Comment by tinco
3 years ago
The minus button makes it really easy to sift through comments. Much easier than finding the interesting paragraphs in an article actually. A blog post might have required some deep thought, as the author says not as much as a book, but probably more than went into a comment. But it's deep thought that went into a single idea, by a single person, in a single circumstance. Deep thought can only go so far.
When you're using the minus button you'll go through all sorts of thoughts and responses. Sure, if you're easily offended by dumb reactionary comments, then you'll often find a couple at the top. That might hurt your ego, but if you just let it go, hit downvote, and then the minus button, it can be out of sight out of mind in an instant. You'll get to the good parts of the comments soon enough. Those comments might not have been worked on for hours or days or weeks, but the authors might have deep knowledge regardless. And if not deep knowledge, different perspectives stemming from different backgrounds, circumstances and personalities.
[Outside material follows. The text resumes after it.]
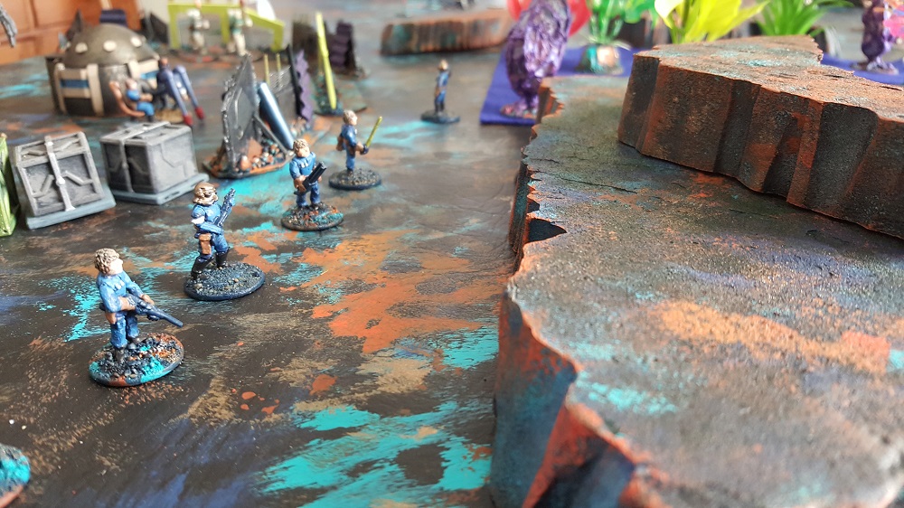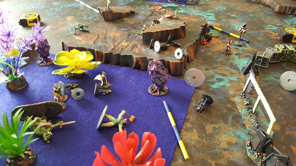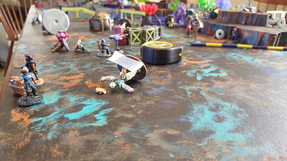The action on the east side of the battlefield was quick and deadly for both sides. The Death Raiders took out 3 Legionnaires in one shot with a lucky mortar hit. The Legionnaires retaliated by first shooting the Raiders’ Combat Flyer down. That Flyer Pilot was the recon troop that called in the mortar round. The pilot survived the crash and called in another round which took out the Sitan Giant brute and caused the Sitan Apes to run for cover. The Death Raiders’ early lead was very disheartening to the Legionnaires but they soon rallied. The remaining Legionnaires put an end to the Raider spotter but a huge toll was already taken. A successful flank action on the east end of the battlefield was not able to develop for either side.

I usually read the comments first, and depending on the topic and how engaging the comments are to the topic I might read the article. In the example post of the news of Elon's bid on Twitter, no way that I'll read the article, no way that Bloomberg put any deep thought in their article, and guaranteed that there's people on HN with way more interesting perspectives than that can be stamped out in the couple minutes an overworked tech journalist has to make sure their article attains maximum reach.
This comment took more than 10 seconds to write, and many comments on HN did. I'd just as much enjoy 36 hundred second comments, as I would a one hour article.